The art of pasta at Veritas Tavern

Anthony Dominic, Crave
Owner and head chef Josh Dalton rolls out a sheet of pea pasta.

Pasta is an exact science at Veritas Tavern. Chef and owner Josh Dalton has one recipe committed to memory-inspired by that of chef Thomas Keller-which he and his kitchen team employ daily to craft every piece of fettuccine, gnocchi and ravioli served at Veritas and sister restaurant 1808 American Bistro, both in Delaware. Here's how they do it.

1. Milling around

Chefs mill organic heirloom grains from Anson Mills to produce flour unique to the restaurant. Each pasta batch begins with 900 grams (roughly 12 to 20 servings) of this flour. If Dalton is making specialty pasta, such as dark chocolate ravioli or pea fettuccini, he replaces 100 grams of flour with an equal amount of cacao powder or powdered freeze-dried veggies, respectively. "Flour is a vessel to carry the flavors," Dalton says. "Or, theoretically, it's a really subtle way to mute some flavors. It's all about adjusting your sauce or other ingredients to achieve that desired balance."

2. Can't make pasta without cracking a few…

Crack a standard supermarket egg, and you'll likely find a pale, runny yolk. For his pastas, Dalton uses organic eggs laid by free-range chickens for their richer, brighter yolks. "Our pasta comes out a crazy, intense yellow," he says. "You can just tell it has a different flavor and texture." He occasionally uses duck eggs, which contain even fuller yolks. Dalton also adds whole eggs to his mix (a 2:1 yolk-whole egg ratio) to make the dough more adhesive.

3. Tying it all together

You'll find familiar pasta at Veritas year-round, but rarely will it be presented the same way twice. Seasonal veggies aren't only added onto the plate but into the pasta as well. Come spring, expect pea fettuccine with ramps and morels. In summer, tomato fettuccine and bright, citrus-spiked pasta salad served cold. Dalton also makes chocolate ravioli (made slightly bitter, not overly sweet, with cacao powder) with mascarpone filling for dessert. It's not always about what can be added to the pasta dishes, he says, but rather what can be taken away. "There's no sugar in our pasta," he says. "It's easy to add butter, cream and fat into a dish and make it tasty. We're always looking for ways to achieve those bright, super-clean flavors."

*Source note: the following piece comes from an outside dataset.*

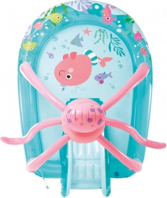 Det oppustelige vandlegecenter Blæksprutte forvandler din have til et lille havkongedømme. Takket være den integrerede sprøjte, der tilsluttes haveslangen, skaber det en fin vandeffekt, som børn elsker, og rutsjebanen fuldender sjoven med sikker glidning ned i bassinet. Den ekstra oppustelige bund øger komforten ved både at sidde og lege.
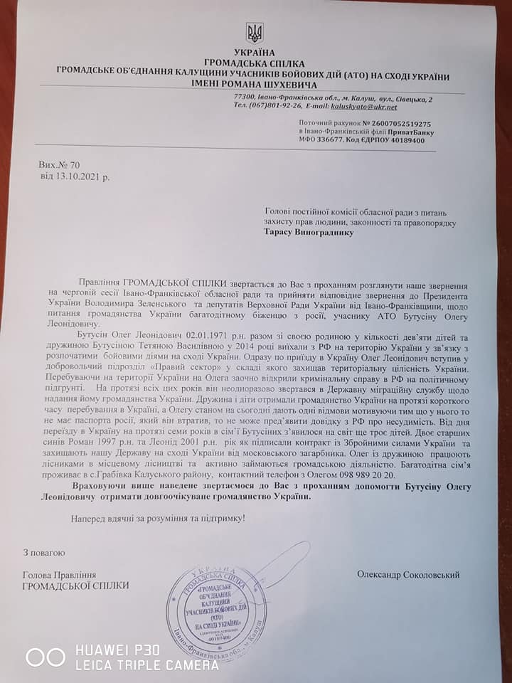 2 серпня 2019 року, під час візиту на Калущину президента України, російський біженець, батько 12-ти дітей, доброволець «Правого сектору» Олег Бутусін та його дружина Тетяна змогли передати своє звернення щодо надання Олегові громадянства України Володимиру Зеленському.

Pasta fun facts from Veritas Tavern

  • If you're served a plate of gray pasta, don't fret. Dalton sometimes supplements his pasta flour with edible dirt or ash from charred vegetables. "Ash is a lot of fun to work with and adds a really nice, earthy flavor," he says.
  • Every ingredient at Veritas is measured using the metric system. "I think it's the most important thing we do in the kitchen," he says. "Cooking by weight is how you get the most consistent product. One thing all people should have at their house is a scale that does grams."
  • The secret to Veritas' delicate gnocchi ? Cake flour. "It produces a lighter note and almost actually tastes cake-like," Dalton says.
  • Dalton's standard pasta recipe is finished with 16 grams of olive oil and 48 grams of milk, both for added richness and texture.